In order to understand the risk to their business – and make a plan that would keep them operating – corporate officers needed access to all the contracts they had with companies where Katrina might wreak devastation, in this case from the Florida Panhandle all the way to the Texas Gulf Coast.
If they couldn’t get that information, they were sitting ducks.
With the typical Fortune 1000 company maintaining an estimated 20,000 to 40,000 active contracts at any given time, it’s virtually impossible to get an accurate assessment of risk exposure without an enterprise-wide system to manage the active contract portfolio. Finding every contract from the Florida Panhandle to the Texas Gulf Coast would be an intimidating task.
“Do you know where your data is? You start to care when there’s a natural disaster,” said Jeffrey Gordon, a professional negotiator and author of the Software Licensing Handbook. Because his client had contract lifecycle management in place, the company – in 20 minutes – was able to search through its entire portfolio and identify all of its contractors along the Gulf Coast and start planning for alternate operations. “We weren’t going to put up sand bags and block the water, but we could mitigate the risk,” Gordon said.

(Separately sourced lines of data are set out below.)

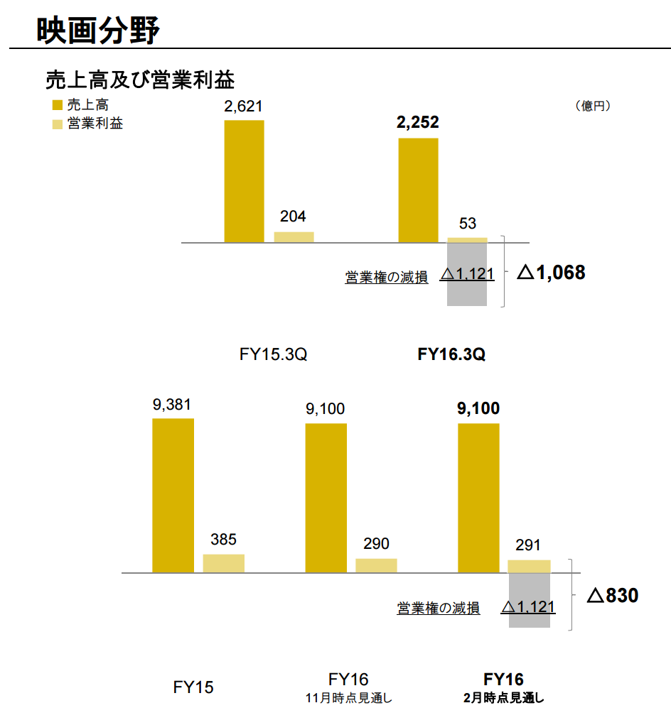 ❏映画部門は、前年同期(2015年)に「スター・ウォーズ」の約10年ぶりの新作「フォースの覚醒」が大ヒットした反動などで、売上高が7%減の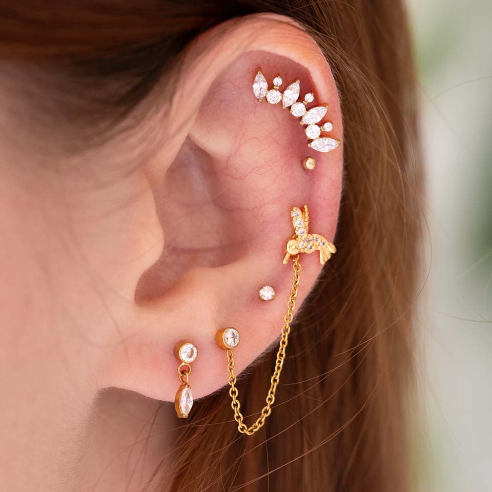 Plassering: Tragus, Spiderbite, Snakebite, Medusa, Madonna, Lower labret, Øreflipp, Helix, Conch, Forward helix, Angelbite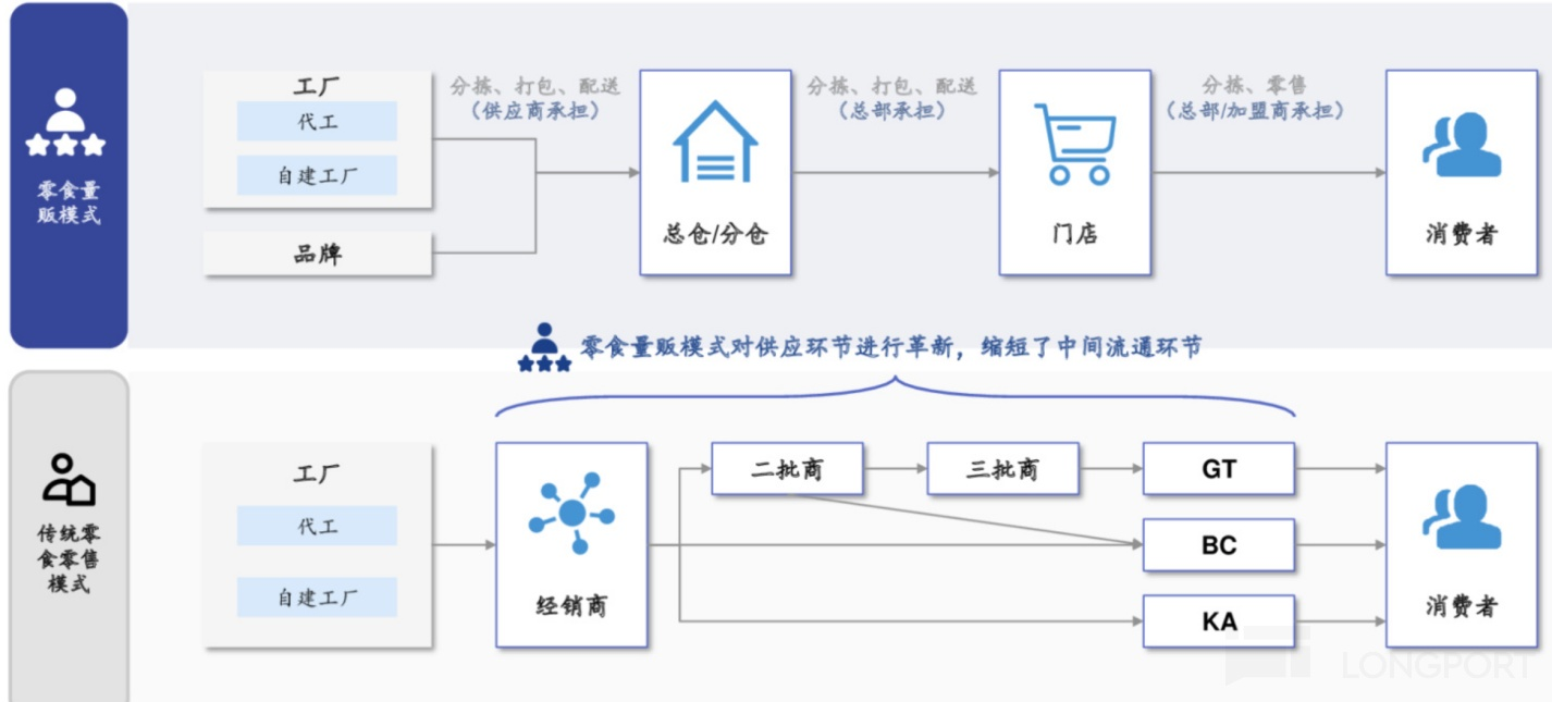 - 零食品牌專營店:高成本 + 高效率。21 世紀初,以來伊份為代表的零食品牌專營店橫空出世,第一次將零食從散裝、非標品提升到品牌化的高度。另外,相較於傳統流通環節冗長的渠道層級,零食品牌專營店砍掉了經銷商,採用短鏈經營(工廠——品牌中心倉——品牌門店),並建立了高標準的門店係統,提升了商品的新鮮度和購買體驗,對物流、倉儲等各個環節的信息流也實現了完全的自主掌控,效率大幅提升。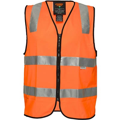 PRIME MOVER MZ102 HI-VIS VEST ZIPPER CLOSURE REFLECTIVE TAPE ORANGE LARGE

With the size and complexity of business today, the risks go much further than natural disasters. Contracts typically contain multiple terms and conditions that trigger cost penalties and potential liabilities, while Sarbanes-Oxley and other compliance initiatives have all but inserted government rules into contractual promises.
“Without an integrated structure you expose yourself to risk at all stages of the process,” said Timothy L. Smith, principal of The Plaid Group, a business consulting firm that specializes in mid-size organizations in transition. “Contracts can easily end up in a black hole without systematic management.”
Financial, sales and legal executives struggle with a variety of issues, including:
• Lack of insight into business policy and contract processes when going into negotiation
• Difficulty understanding the cause and effect of various contract clauses
• Uncertainty regarding the impact of the contract portfolio on the future economic health of the company
• The potential for non-compliance with regulatory policies and procedures
• Legal exposure through inadequate or inappropriate wording or usage of terms and clauses.
Everybody’s Frustrated
The Plaid Group was called into a situation recently in which the client had developed a new product and outsourced the manufacturing function to an outside partner. A few months into the relationship Smith got a call from the client saying, “I want you to go over there and straighten them out.”
Frustration had built on both sides, with Smith’s client being unhappy about quality issues and the manufacturer saying it had “bent over backwards to meet a moving target of product specifications.”
If the client had contract lifecycle management in place, it would have been able to approach the negotiation phase of the relationship strategically and with more insight; it could have developed contract clauses that would have managed the expectations of both parties, Smith said. The Plaid Group guided the renegotiation of the agreement that put procedures in place that enhanced communication and made both parties accountable to the success of the relationship.
Internal Agreements
An increasingly frequent problem relates to internal agreements as companies grow to include multiple subsidiaries. “Companies that do business with their own affiliates almost always fail to adequately memorialize their deals because they think of themselves as siblings. We’re family,” Gordon said. “The contract isn’t for the marriage; it’s for the divorce.”
And when companies enter merger and acquisition agreements, the contents of the contract portfolio are particularly sensitive, he said. A search through the contract database of one of Gordon’s clients showed that the company had neglected to insert contract clauses that would have assigned existing business to a new owner in the event of an acquisition. “It was a last minute scramble,” said Gordon. “We had to quickly get an amendment to all those customers. A lot of letters went out.”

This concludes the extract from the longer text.